» **SOURCE RECORDS**
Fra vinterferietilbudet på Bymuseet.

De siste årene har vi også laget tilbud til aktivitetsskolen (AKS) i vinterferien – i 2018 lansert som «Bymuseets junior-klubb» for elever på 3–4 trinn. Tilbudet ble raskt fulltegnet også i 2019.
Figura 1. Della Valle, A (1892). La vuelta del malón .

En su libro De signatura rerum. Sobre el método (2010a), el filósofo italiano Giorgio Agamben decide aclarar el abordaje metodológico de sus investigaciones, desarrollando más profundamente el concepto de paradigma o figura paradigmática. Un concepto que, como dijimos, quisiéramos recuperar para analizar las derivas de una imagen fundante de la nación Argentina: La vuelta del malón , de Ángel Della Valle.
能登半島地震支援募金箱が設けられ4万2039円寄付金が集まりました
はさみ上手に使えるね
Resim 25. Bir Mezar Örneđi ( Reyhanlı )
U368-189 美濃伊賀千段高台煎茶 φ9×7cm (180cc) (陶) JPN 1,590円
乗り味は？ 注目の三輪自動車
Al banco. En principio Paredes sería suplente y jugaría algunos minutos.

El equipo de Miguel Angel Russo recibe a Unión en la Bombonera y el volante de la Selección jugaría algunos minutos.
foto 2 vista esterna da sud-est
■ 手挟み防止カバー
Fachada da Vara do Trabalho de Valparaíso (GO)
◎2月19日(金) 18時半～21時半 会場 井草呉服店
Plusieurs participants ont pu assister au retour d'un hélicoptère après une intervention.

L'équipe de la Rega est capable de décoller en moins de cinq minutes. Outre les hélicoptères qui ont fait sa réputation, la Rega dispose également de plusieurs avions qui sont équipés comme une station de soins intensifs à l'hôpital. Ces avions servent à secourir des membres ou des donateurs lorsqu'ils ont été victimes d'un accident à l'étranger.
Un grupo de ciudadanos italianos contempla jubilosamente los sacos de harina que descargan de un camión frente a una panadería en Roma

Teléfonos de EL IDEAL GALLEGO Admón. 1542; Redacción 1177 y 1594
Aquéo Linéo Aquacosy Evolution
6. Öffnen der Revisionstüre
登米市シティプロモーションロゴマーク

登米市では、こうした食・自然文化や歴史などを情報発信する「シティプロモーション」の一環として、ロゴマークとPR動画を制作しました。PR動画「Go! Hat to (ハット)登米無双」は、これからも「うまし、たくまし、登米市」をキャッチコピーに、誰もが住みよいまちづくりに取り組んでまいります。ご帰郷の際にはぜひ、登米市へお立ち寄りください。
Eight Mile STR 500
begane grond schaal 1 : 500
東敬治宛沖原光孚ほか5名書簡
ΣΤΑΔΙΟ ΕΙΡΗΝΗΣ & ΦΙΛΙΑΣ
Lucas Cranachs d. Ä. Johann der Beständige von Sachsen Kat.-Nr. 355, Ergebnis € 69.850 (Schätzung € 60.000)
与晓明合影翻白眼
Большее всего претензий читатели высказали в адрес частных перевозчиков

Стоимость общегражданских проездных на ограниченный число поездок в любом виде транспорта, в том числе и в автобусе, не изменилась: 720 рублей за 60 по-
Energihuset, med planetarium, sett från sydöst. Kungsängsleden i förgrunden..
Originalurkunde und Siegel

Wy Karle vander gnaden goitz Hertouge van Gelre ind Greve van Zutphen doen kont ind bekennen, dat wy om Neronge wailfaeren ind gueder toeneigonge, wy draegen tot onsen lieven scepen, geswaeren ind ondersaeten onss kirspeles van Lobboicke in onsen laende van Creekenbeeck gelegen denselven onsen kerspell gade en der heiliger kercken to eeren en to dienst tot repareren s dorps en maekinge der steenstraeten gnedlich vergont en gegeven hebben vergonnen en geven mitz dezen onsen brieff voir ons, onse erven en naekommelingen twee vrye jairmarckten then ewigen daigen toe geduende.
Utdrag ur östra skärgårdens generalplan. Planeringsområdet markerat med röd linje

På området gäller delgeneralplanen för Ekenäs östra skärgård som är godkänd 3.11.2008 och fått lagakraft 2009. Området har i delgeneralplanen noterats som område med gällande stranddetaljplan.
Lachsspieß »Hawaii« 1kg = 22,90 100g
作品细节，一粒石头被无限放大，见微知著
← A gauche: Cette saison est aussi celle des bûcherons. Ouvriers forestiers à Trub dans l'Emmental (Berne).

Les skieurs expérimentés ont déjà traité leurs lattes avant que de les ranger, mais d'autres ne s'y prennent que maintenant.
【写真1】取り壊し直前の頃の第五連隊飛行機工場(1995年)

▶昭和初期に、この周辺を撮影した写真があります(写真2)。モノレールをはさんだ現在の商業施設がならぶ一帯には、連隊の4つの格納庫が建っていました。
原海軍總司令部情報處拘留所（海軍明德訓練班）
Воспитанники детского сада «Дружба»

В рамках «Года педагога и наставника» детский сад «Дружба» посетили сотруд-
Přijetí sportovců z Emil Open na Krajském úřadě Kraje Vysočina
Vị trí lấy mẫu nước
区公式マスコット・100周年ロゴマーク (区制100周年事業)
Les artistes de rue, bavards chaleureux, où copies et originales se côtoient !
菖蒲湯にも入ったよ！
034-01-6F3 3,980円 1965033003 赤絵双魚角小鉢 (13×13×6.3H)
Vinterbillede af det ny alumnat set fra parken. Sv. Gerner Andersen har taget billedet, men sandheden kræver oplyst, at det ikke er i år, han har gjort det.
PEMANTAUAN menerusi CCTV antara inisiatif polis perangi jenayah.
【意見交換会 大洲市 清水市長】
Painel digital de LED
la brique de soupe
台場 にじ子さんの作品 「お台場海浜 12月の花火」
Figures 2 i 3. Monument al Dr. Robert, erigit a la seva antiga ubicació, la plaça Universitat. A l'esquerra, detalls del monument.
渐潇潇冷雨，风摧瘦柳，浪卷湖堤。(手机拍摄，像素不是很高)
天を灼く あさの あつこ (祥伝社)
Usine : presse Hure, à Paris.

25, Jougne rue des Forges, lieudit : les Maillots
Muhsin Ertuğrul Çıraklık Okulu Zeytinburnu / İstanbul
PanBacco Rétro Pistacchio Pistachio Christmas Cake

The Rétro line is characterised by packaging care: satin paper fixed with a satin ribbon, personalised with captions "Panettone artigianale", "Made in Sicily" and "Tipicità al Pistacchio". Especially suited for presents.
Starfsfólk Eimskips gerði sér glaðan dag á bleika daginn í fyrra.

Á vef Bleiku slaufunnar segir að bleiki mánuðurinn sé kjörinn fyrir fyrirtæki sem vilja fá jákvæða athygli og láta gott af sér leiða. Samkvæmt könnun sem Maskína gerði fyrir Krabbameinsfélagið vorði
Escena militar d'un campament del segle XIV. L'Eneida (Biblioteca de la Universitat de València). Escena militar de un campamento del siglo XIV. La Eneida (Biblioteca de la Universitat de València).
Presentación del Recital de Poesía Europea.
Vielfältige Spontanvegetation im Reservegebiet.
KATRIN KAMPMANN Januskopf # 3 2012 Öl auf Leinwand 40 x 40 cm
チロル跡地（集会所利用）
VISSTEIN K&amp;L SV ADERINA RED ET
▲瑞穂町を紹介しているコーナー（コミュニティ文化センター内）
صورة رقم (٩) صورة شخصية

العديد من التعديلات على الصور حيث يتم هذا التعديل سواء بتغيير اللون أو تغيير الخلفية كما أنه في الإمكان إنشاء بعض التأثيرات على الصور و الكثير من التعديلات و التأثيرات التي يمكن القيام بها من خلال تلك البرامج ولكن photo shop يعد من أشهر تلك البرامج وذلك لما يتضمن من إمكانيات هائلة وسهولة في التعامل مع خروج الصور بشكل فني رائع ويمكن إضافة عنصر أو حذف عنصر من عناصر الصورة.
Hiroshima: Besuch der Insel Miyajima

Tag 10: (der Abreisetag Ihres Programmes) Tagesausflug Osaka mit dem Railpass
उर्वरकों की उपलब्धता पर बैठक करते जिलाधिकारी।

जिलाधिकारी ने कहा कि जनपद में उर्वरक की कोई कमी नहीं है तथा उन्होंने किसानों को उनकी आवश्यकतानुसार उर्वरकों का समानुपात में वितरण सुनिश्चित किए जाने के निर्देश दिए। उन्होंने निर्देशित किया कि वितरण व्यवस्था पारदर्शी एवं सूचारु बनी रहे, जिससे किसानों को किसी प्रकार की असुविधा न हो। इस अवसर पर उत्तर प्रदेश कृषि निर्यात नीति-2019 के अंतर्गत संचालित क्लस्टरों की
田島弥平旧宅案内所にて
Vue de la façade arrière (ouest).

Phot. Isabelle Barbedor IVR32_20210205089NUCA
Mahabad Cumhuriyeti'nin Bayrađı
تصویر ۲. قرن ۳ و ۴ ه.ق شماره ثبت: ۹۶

» **PROBLEM TO WORK ON**
Extract from the listing above the lines between the line containing "Figura 1. Della" and the line containing "En su libro", keeping both of those lines. Output nothing else.

» **SOLUTION**
Figura 1. Della Valle, A (1892). La vuelta del malón .

En su libro De signatura rerum. Sobre el método (2010a), el filósofo italiano Giorgio Agamben decide aclarar el abordaje metodológico de sus investigaciones, desarrollando más profundamente el concepto de paradigma o figura paradigmática. Un concepto que, como dijimos, quisiéramos recuperar para analizar las derivas de una imagen fundante de la nación Argentina: La vuelta del malón , de Ángel Della Valle.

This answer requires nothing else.